In closing, we would like to take this moment to express our deep appreciation to the participants in the SIDEROS study and all of the families that support them. Your commitment to the study, even in the midst of a global pandemic, has been nothing short of remarkable. We acknowledge that the discontinuation of a trial and development program is disappointing to the Duchenne community and we share your sentiment on these results. As a company, Santhera will remain committed to developing therapies for Duchenne muscular dystrophy. The Duchenne community is a model of resilience and we will keep working hard for your families.
With warm regards,
Chief Executive Officer
Head of Patient Advocacy – U.S
Read the press release from Santhera:
Santhera to Discontinue Phase 3 SIDEROS Study and Development of Puldysa® in Duchenne Muscular Dystrophy (DMD) and Focus on Vamorolone
Pratteln, Switzerland, October 6, 2020 – Santhera Pharmaceuticals (SIX: SANN) announces the discontinuation of its Phase 3 SIDEROS study with Puldysa® (idebenone) in patients with Duchenne muscular dystrophy (DMD) who are in respiratory decline and receive concomitant glucocorticoid treatment. Data from an interim analysis conducted by the independent Data and Safety Monitoring Board (DSMB) concluded that the study was unlikely to meet its primary endpoint. As a consequence, Santhera will discontinue the study, withdraw the European marketing authorization application and end the global development program for Puldysa. The Company intends to initiate a restructuring plan for the business with a focus on retaining key functions for bringing DMD drug candidate vamorolone to patients and execute on its other pipeline programs.
Based on the now completed interim analysis which tested for efficacy, the DSMB has recommended the SIDEROS study be discontinued due to futility. The interim analysis was based on the primary endpoint of the study, the change of forced vital capacity % predicted (FVC%p) from baseline to 18 months of treatment. The outcome revealed that the probability of reaching the primary endpoint at the end of the study is too small to merit the continuation of the study. There were no safety concerns noted by the DSMB.

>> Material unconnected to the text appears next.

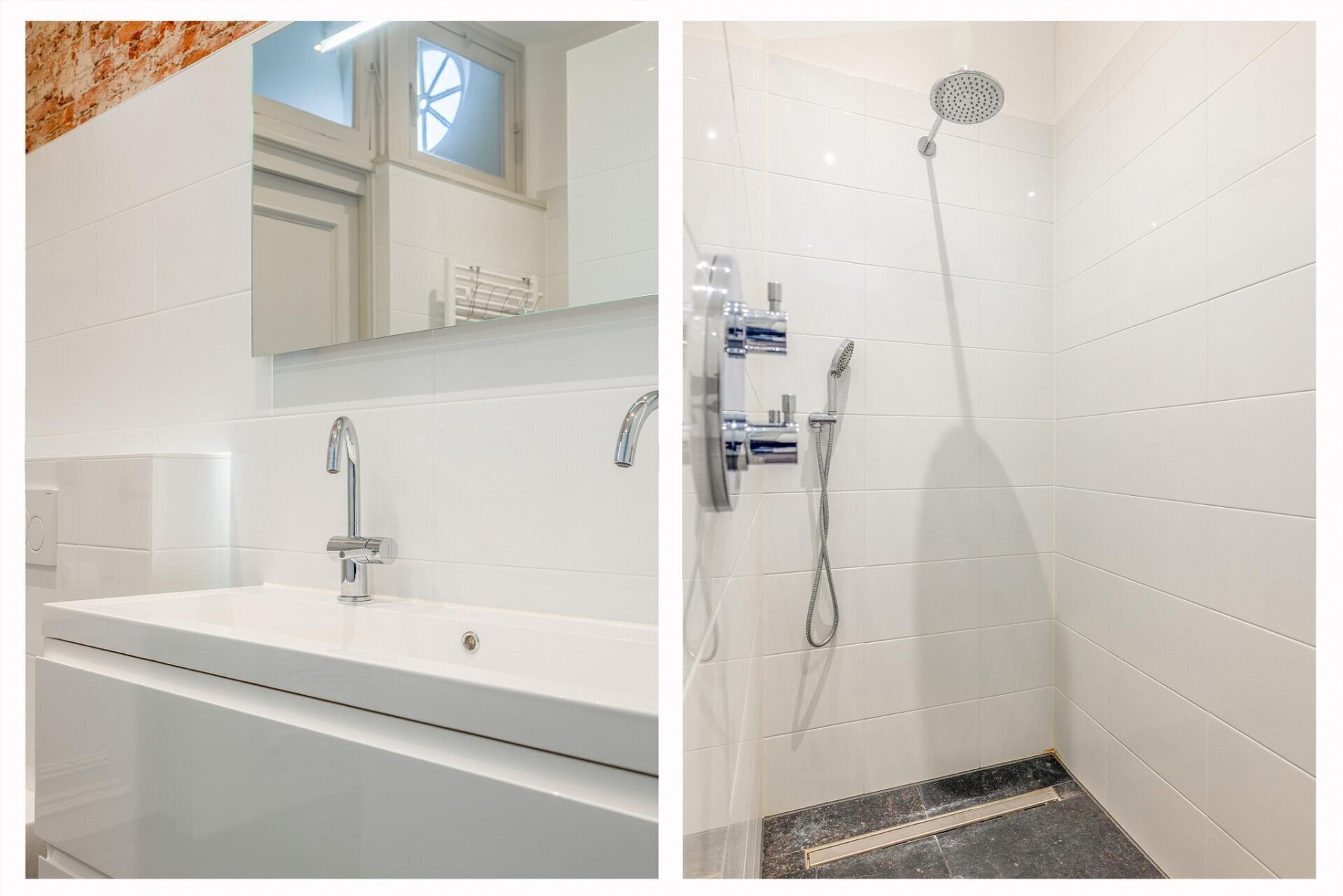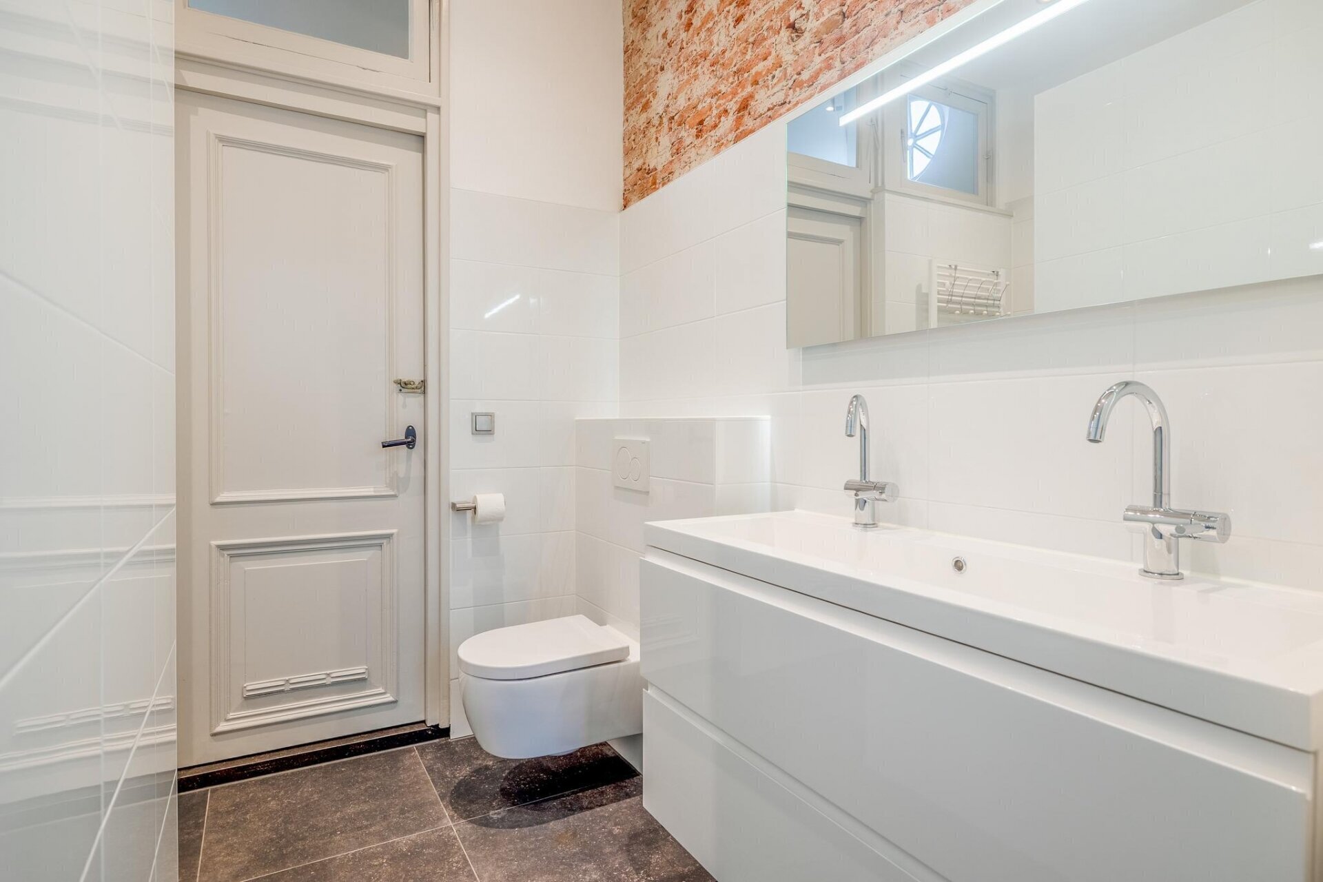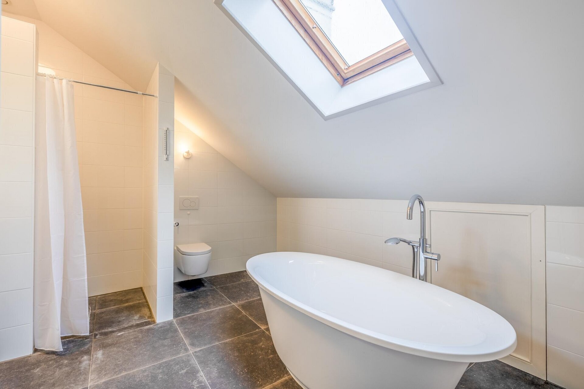 De tweede badkamer van de woning is aan de voorzijde van het koetshuis gesitueerd en beschikt over een ligbad, inloopdouche, zwevend toilet, handdoekenradiator en dubbele wastafelmeubel.

Santhera will stop the SIDEROS trial (including extension) and participants who are enrolled in the study will discontinue study medication and complete the study’s follow-up evaluations. Furthermore, following up on the recommendation from the DSMB, Santhera will discuss the impact of ending the SIDEROS study on ongoing expanded access programs with the corresponding regulatory bodies.
“We would like to thank the patients and the families, as well as investigators and medical professionals, who participated in the SIDEROS study. Without their contributions we would not be able to advance DMD research,” said Dario Eklund, Chief Executive Officer of Santhera. “While this is obviously not the outcome we expected, all our efforts in DMD will now be focused on progressing the promising drug candidate vamorolone which we recently licensed from ReveraGen to its next inflection point, the readout of 6-month topline data from the pivotal VISION-DMD study planned for the second quarter of 2021.”
In connection with this decision, Santhera intends to start a restructuring process, aligning its operations to focus on progressing vamorolone for DMD, lonodelestat for cystic fibrosis and other lung diseases and its discovery-stage gene therapy approach for congenital muscular dystrophy.